In mapreduce, our custom Mapper and reducer programs may encounter errors and exits after execution. In mapreduce, jobtracker tracks the execution of tasks throughout the process, mapreduce also defines a set of processing methods for erroneous tasks.The first thing to clarify is how mapreduce judges the task failure. In three cases, the task is considered to fail: a non-zero value is returned, a Java exception is generated, and a timeout occurs (no response is returned for a long time ). For the first type, it is usually used for streaming programs. If a non-zero value is returned when your mapper or reducer program ends, mapreduce will think that your task has failed. The second type is mainly used for mapreduce programs written in Java. For the third type, it is estimated that many people do not know. For streaming, mapreduce will monitor the output of the task (standard output) after the task is executed. if the task is not output within a certain period of time (this time can be done through mapred. task. timeout option), mapreduce will consider this task to fail. Therefore, when writing a mapreduce program, you must pay attention to whether the program will be suspended due to excessive time. If so, consider whether the program will be killed by mistake. After a task fails, mapreduce will re-execute the task. The number of retries can also be set, generally four. Finally, it should be noted that mapreduce also has a speculative execution mechanism. Under this mechanism, if the task execution time exceeds expectation (this expectation is determined based on the execution time of other tasks ), in this case, mapreduce starts another parallel execution task that is the same as this task, and kills other unfinished tasks after the first execution of a task is completed. This mechanism is mainly used to avoid a problem in the execution environment of a reduce task or an abnormal situation occurs in the execution of a reduce task, so that the overall progress is delayed. However, this mechanism may also cause problems in some situations. For example, if your reduce program is executed concurrently with the same input, it may cause a conflict, the speculative execution mechanism is a huge risk for you. However, the speculative execution mechanism can also be disabled.

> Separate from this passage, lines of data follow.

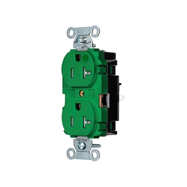 Receptacle, Connection Orientation Straight, Cover Type No Cover, Current Rating 20 A, GFCI No, Grounding Grounded, Hazardous Location Specification Not Applicable, Housing Color Green, Housing Material Thermoplastic, Mount Type Surface, NEMA Enclosure Rating 1, NEMA Receptacle Configuration 5-20R, Number of Gangs 1, Number of Poles 2, Number of Wires 3, Phase Single, Polarized Yes, Receptacle Type Duplex, Resistance Properties Tamper Resistant
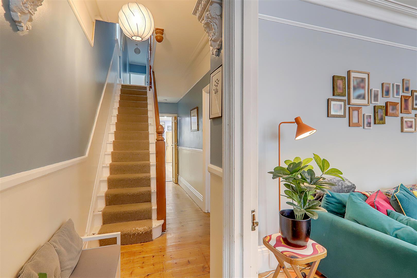 Stripped wood flooring. Understairs storage. Attractive balustrade. Radiator.
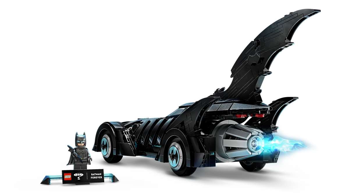 本作一共有 909 片零件,組完之後的蝙蝠車高約 17 公分,長度則來到 41 公分,充分再現了那片搶眼的黑色蝠翼、車身兩側的構造、侵略感極強的銳利車頭,以及車屁股的噴射口,而帶有透藍視覺效果的擋風玻璃、施以蝙蝠標誌的輪圈是令人期待的特殊零件,駕駛艙頂蓋也能夠打開。加上方·基墨版本的蝙蝠俠人偶、點綴了《蝙蝠俠3》電影 LOGO 的展示名牌,擺起來實在有夠帥!
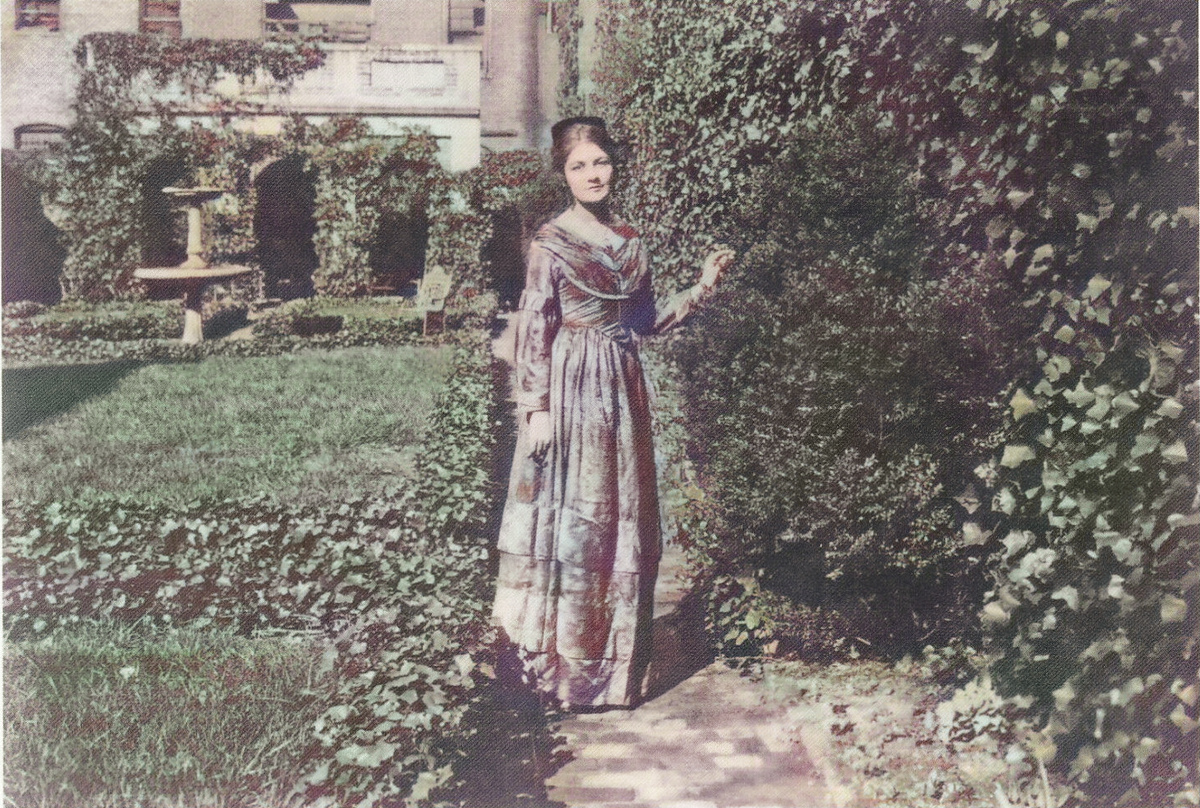 Recreation of Virginia as a teenager, in the garden of the ‘Poe Shrine’ in Richmond.
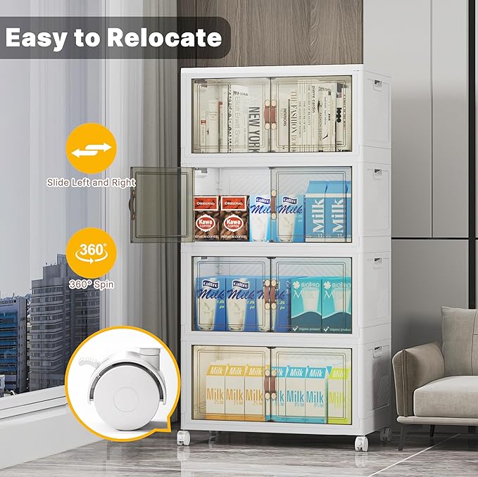 - 【Smooth Mobility with Locking Wheels】: Easily move your storage wherever you need it. These stackable storage bins with wheels feature four smooth-rolling casters, including two locking brakes, keeping your bins stable yet mobile — great for bedrooms, dorms, or offices.
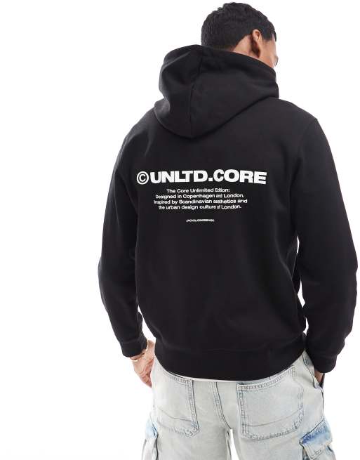 Jack & Jones – Svart huvtröja i oversize med "Core"-tryck baktill
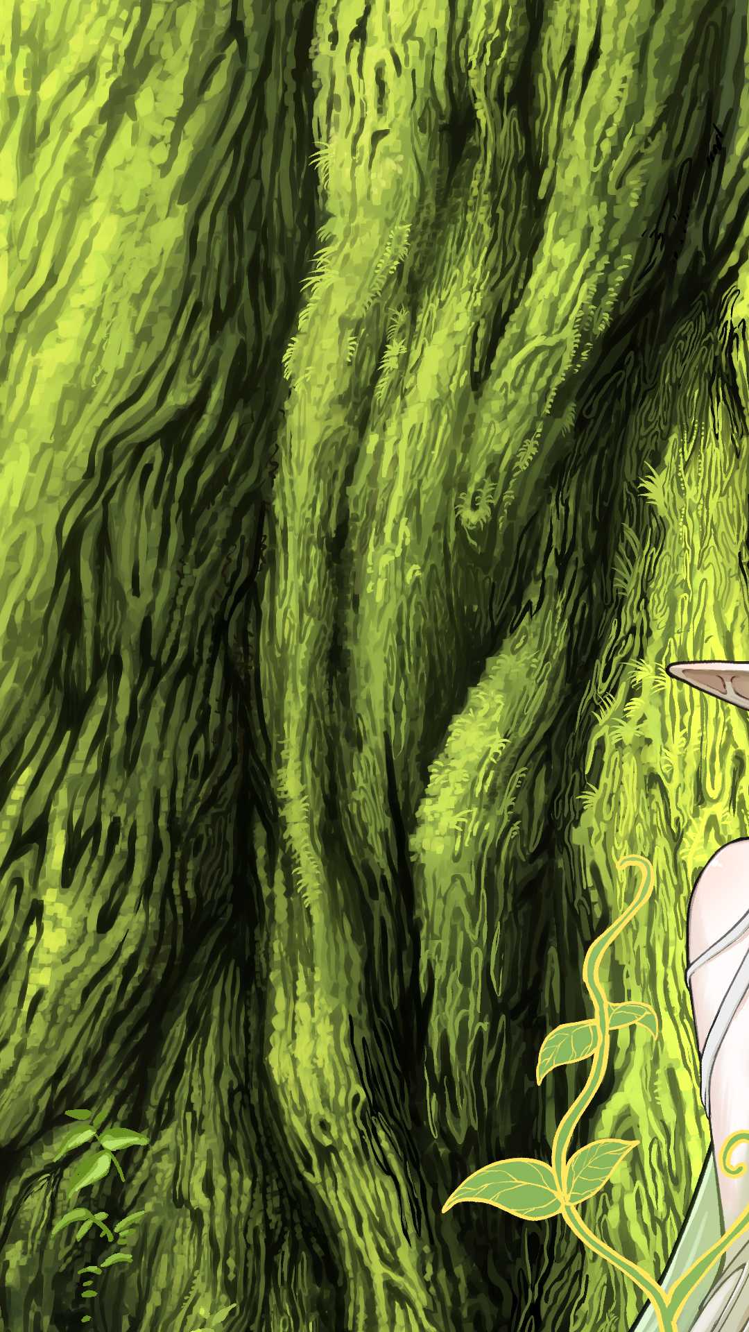 大樹の画像2枚目。線と塗りが合わさった表現は手前にあるメインの大樹のみに行っている。
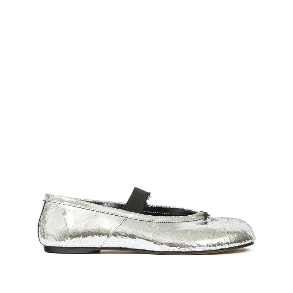 Tabi split-toe metallic cracked-leather ballet flats Silver
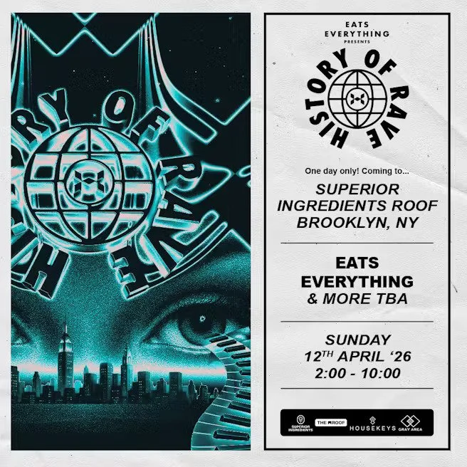 Eats Everything: History Of Rave Sunday, April 12, 2026 2:00 PM 10:00 PM Superior Ingredients 74 Wythe Avenue Brooklyn, NY, 11249 United States (map) Google Calendar ICS TICKETS TABLE SERVICES This is a 21+ event | Valid ID must be shown at doorFor details on our policies see our FAQ
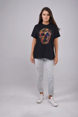 Футболка женская, повседневная, нарядная, спортивная, большие размеры, свободный крой, удлиненная, круглая горловина, стильная, черного цвета из трикотажного хлопок с эластаном, 170 г/м2 с прикольным принтом. Принт трансфер принт - технологией нанесения картинки на изделие с использованием высоких температур. Стилизованный принт черепа - стильное сочетание модного и дерзкого дизайна добавляет выразительности и разнообразию ежедневному стилю одежды.
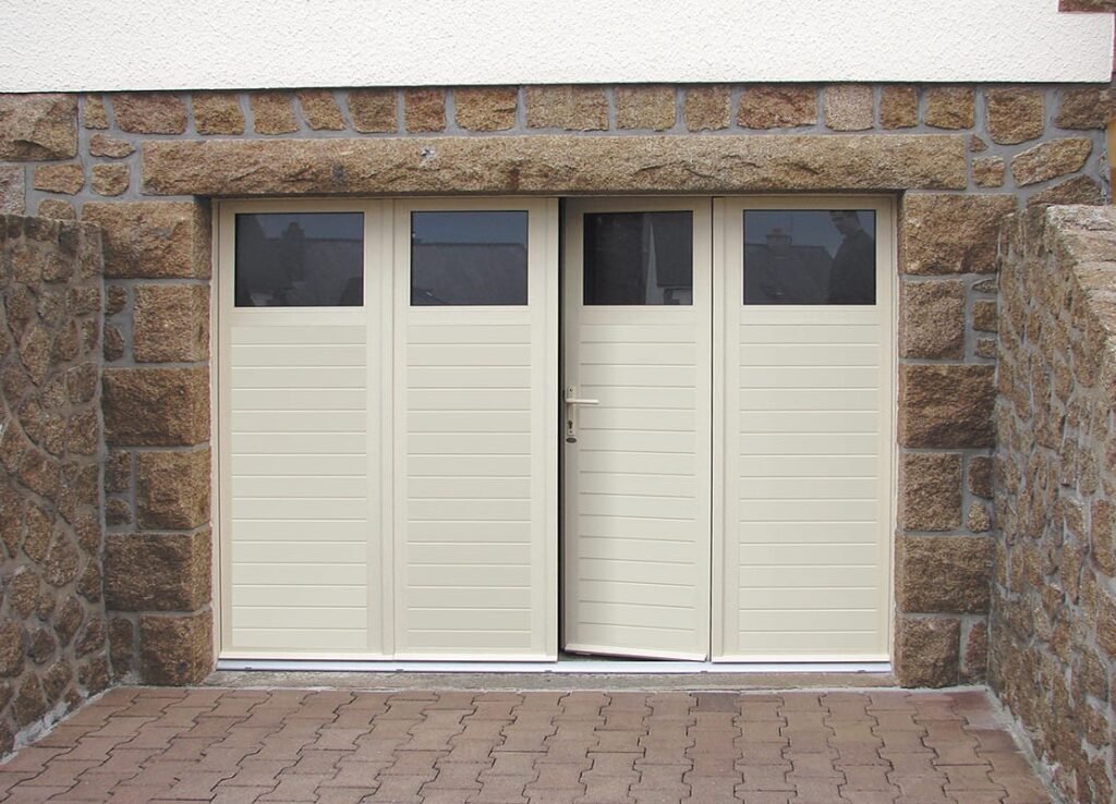 Classiques et intemporelles, les portes de garage battantes s’ouvrent vers l’extérieur en deux vantaux. Faciles à poser, elles ne nécessitent pas de rail ou de mécanisme complexe. Elles offrent une bonne durabilité, un accès rapide et peuvent être entièrement personnalisées en termes de matériaux, couleurs et finitions pour s’harmoniser avec votre habitation.

The content source of this page is from Internet, which doesn't represent Alibaba Cloud's opinion;
products and services mentioned on that page don't have any relationship with Alibaba Cloud. If the
content of the page makes you feel confusing, please write us an email, we will handle the problem
within 5 days after receiving your email.
If you find any instances of plagiarism from the community, please send an email to:
info-contact@alibabacloud.com
and provide relevant evidence. A staff member will contact you within 5 working days.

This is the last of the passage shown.